I am also concerned about the overhead (essentially doubling the Lua stack footprint of a function) and limited applicability (only handles 64bit things).
from raptorjit.
Now you are in a situation when a snapshot alone isn't enough to properly restore Lua stack.
True. This approach would require extra snapshot-like bookkeeping.
I am also concerned about the overhead (essentially doubling the Lua stack footprint of a function) and limited applicability (only handles 64bit things).
On the one hand it is important to keep overhead low. On the other hand optimizing Lua code often involves using FFI data structures and today this can unpredictably cause ~50x slowdown (#252.) So I do want to find an efficient solution but almost anything would be better than the status quo.
from raptorjit.
@mejedi Thanks for shooting that naïve idea down.
Could we attack this problem during compilation instead of at runtime?
Suppose that we have two linked traces T1->T2
with a CNEWI
in T1
that cannot sink because its value escapes into T2
via the last snapshot.
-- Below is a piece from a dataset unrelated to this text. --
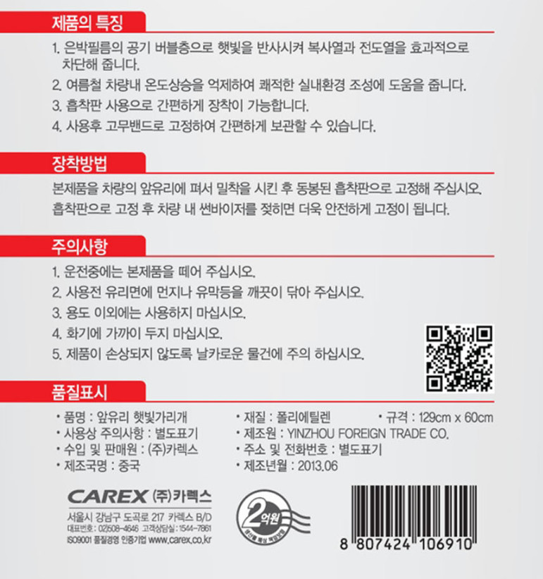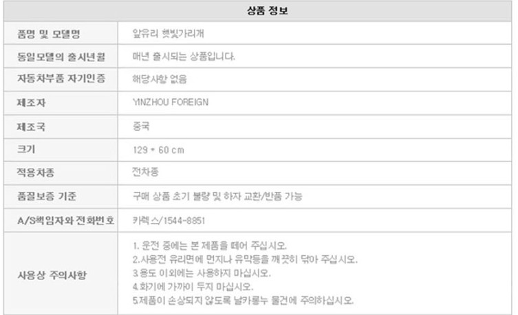 1. 품명 및 모델명 : [카렉스] 앞유리 햇빛가리개/자외선차단 눈부심보호

This causes an unwanted heap allocation in trace T1
.
Further suppose that the value does not escape from T2
into the interpreter or onto the heap i.e. that it would have been sunk had it been allocated in T2
instead of in T1
.
Is there a way that we could "transfer the sinkage" from trace T1
to trace T2
?
Then the allocation would sink in T1
and the sunk value would escape into T2
which could then sink it too, and then we wouldn't have an allocation. This seems similar to the way that sunk values are already allowed to escape into side-traces today, with those side-traces being responsible for deciding whether to keep the value sunk or not.
Example
Here is the abbreviated IR code for the hot path in example #252:
---- TRACE 1 start xx.lua:20
---- TRACE 1 IR
.... SNAP #0 [ ---- ]
0001 rbx int SLOAD #3 CI
0002 rax > cdt SLOAD #2 T
0003 u16 FLOAD 0002 cdata.ctypeid
0004 > int EQ 0003 +96
0005 rbp p64 FLOAD 0002 cdata.ptr
0006 rbp + p64 ADD 0005 +1
0007 {sink}+ cdt CNEWI +96 0006
.... SNAP #1 [ ---- ---- 0007 0001 ---- ---- ---- ]
[[[ Exit to side trace 2 happens here ]]]
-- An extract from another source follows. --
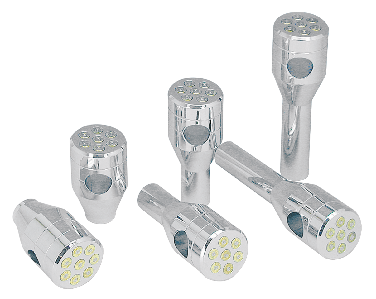 Per quelli che vogliono qualcosa di veramente speciale. Questi riser della serie Magnum Police sono decorati con veri bossoli di proiettili Magnum. I riser sono ricavati da blocchi d’alluminio billet e sono disponibili nelle altezze di 2 1/2″ e 6″. Potete avere i riser cromati o neri, ma i bossoli rimangono gli stessi. Disponibili in questo catalogo anche manopole, coperchi accensione, coperture tappi benzina e tappi finali con lo stesso design.

---- TRACE 2 start 1/1 xx.lua:20
---- TRACE 2 IR
0001 rbx int SLOAD #3 PI
0002 rbp p64 PVAL #6
0003 [8] cdt CNEWI +96 0002
.... SNAP #0 [ ---- ---- 0003 0001 ---- ---- ---- ]
0004 > nil GCSTEP
0005 rbx int ADD 0001 +1
.... SNAP #1 [ ---- ---- 0003 ]
0006 > int LE 0005 +1000000
0007 xmm7 num CONV 0005 num.int
.... SNAP #2 [ ---- ---- 0003 0007 ---- ---- 0007 ]
---- TRACE 2 stop -> 1
So here we see that:
- Trace 1 has a
CNEWI
that sinks. - Trace 2 loads the raw sunk pointer value using
PVAL
. - Trace 2 has a duplicate
CNEWI
to make the pointer value respectable/usable. - Trace 2 is not able to sink the
CNEWI
because it is referenced in the last snapshot.
The nice aspect of this is that sunk values can be passed between traces. The restriction is that those values can't just be loaded from the stack using SLOAD
and must instead be wrapped in a CNEWI
so that the compiler can unsink them if necessary.
So maybe a solution is that root traces would not load immediate cdata values using SLOAD
but instead with a special CNEWI
that loads its value from the stack and can accept either sunk or unsunk values?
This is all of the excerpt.